David

Personal information
- Full name: David Aparecido de Oliveira Júnior
- Date of birth: 23 July 1986 (age 39)
- Place of birth: Cândido Mota, Brazil
- Height: 1.80 m (5 ft 11 in)
- Positions: Midfielder; right-back;

Youth career
- 2004–2007: São Paulo

Senior career*
- Years: Team / Apps / (Gls)
- 2007–2012: São Paulo / 5 / (0)
- 2007: → Mogi Mirim (loan)
- 2007: → Paulista (loan)
- 2008: → Metropolitano (loan)
- 2008–2009: → Wits (loan)
- 2010: → Rio Claro (loan)
- 2010–2012: → Wits (loan)
- 2013–2014: Metropolitano
- 2015–2016: Caxias
- 2015: → Campinense (loan)
- 2016: CSA
- 2016: Brusque
- 2017: Ras Al Khaimah
- 2017–2018: Novo Hamburgo
- 2018: Camboriú
- 2018–2019: Al-Taawon
- 2020: Patrocinense
- 2020: Goianésia
- 2020: Ferroviário

= David (footballer, born July 1986) =

Brazilian footballer

David Aparecido de Oliveira Júnior (born 23 July 1986), simply known as David, is a Brazilian former professional footballer who played as a midfielder and right-back.

==Career==
David started in the youth sectors of São Paulo, and began his professional career on a tour carried out by the B team in India, in 2007, alongside Hernanes for example.

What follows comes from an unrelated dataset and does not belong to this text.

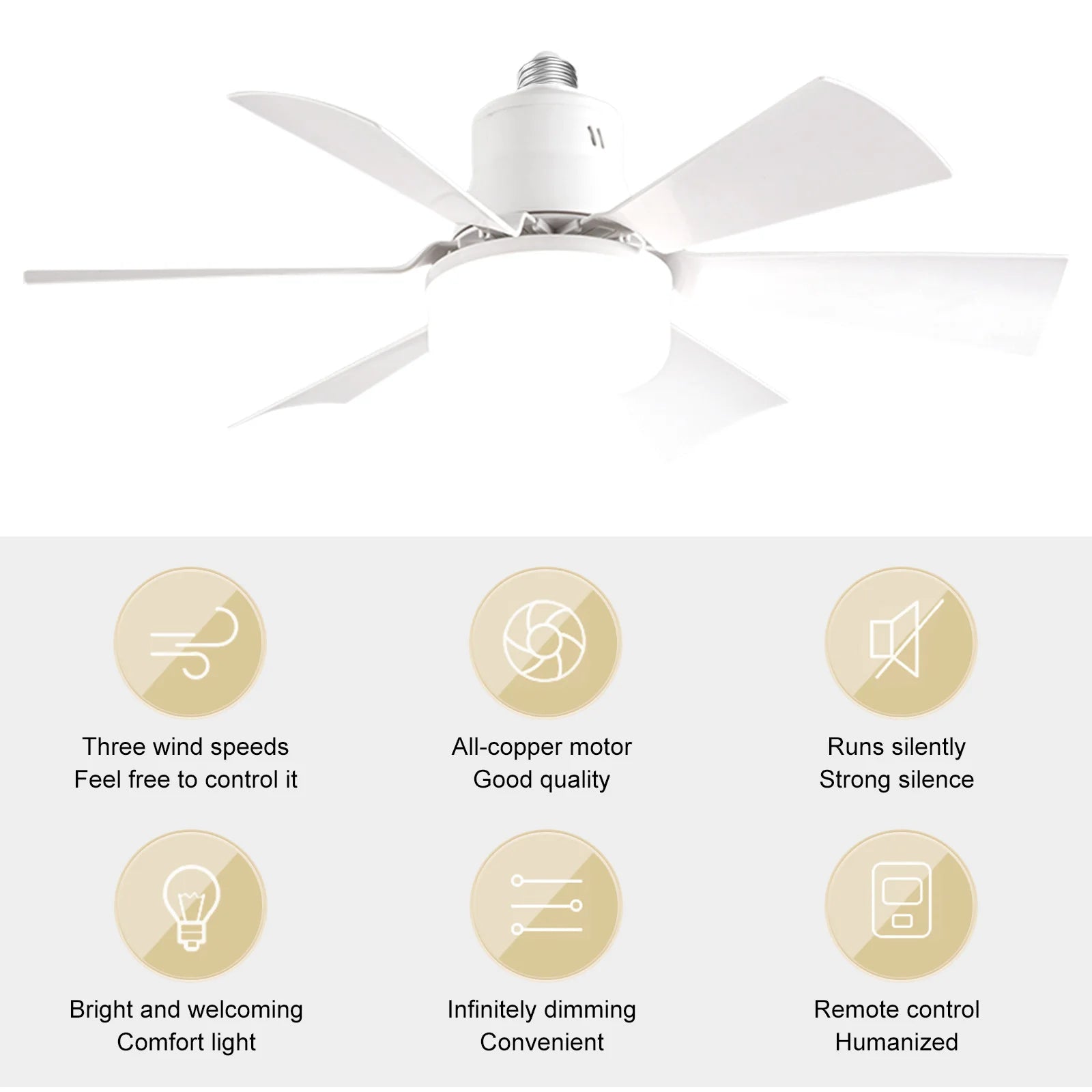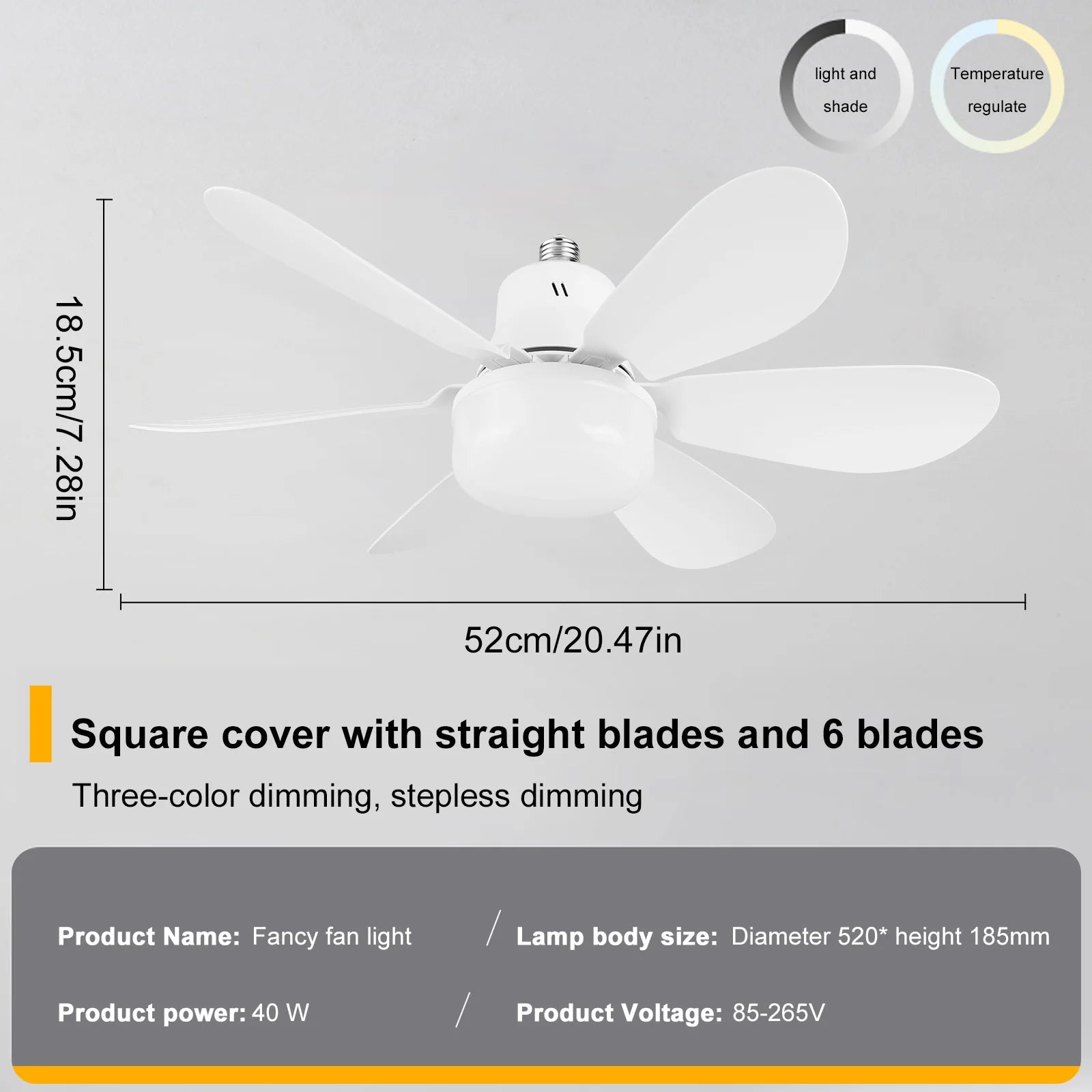 1. Stylish Versatility: The socket fan light features a sleek white design that seamlessly integrates with diverse home decor styles, making it easy to find the perfect match for your interior aesthetic and enhance your living space. 2. Convenient Control: With a user-friendly remote control, you can effortlessly adjust the light's color, brightness, and fan speed from anywhere in the room, providing a comfortable and personalized experience. 3. Customizable Lighting: Offering a color temperature range from 3000K to 6500K, this ceiling fan light allows you to tailor the lighting ambiance to suit different times and occasions, enhancing your home environment. 4. Energy Efficiency: The ceiling fan with light utilizes 18W SMD 2835 LEDs, delivering bright and effective illumination while significantly reducing energy consumption, making it both environmentally friendly and cost-effective. 5. Smart Timing Function: The screw in ceiling fan in light socket features a built-in timer, you can easily schedule the light's on and off times, enhancing convenience and promoting a smarter, safer, and more comfortable living experience.

He was loaned out in the following years, but in 2010 he had the chance to play for the main team, against Mirassol in the 2010 Campeonato Paulista. He played in South Africa, UAE and in several clubs throughout Brazil.

David last professional club was Ferroviário AC in the 2020 Campeonato Brasileiro Série C.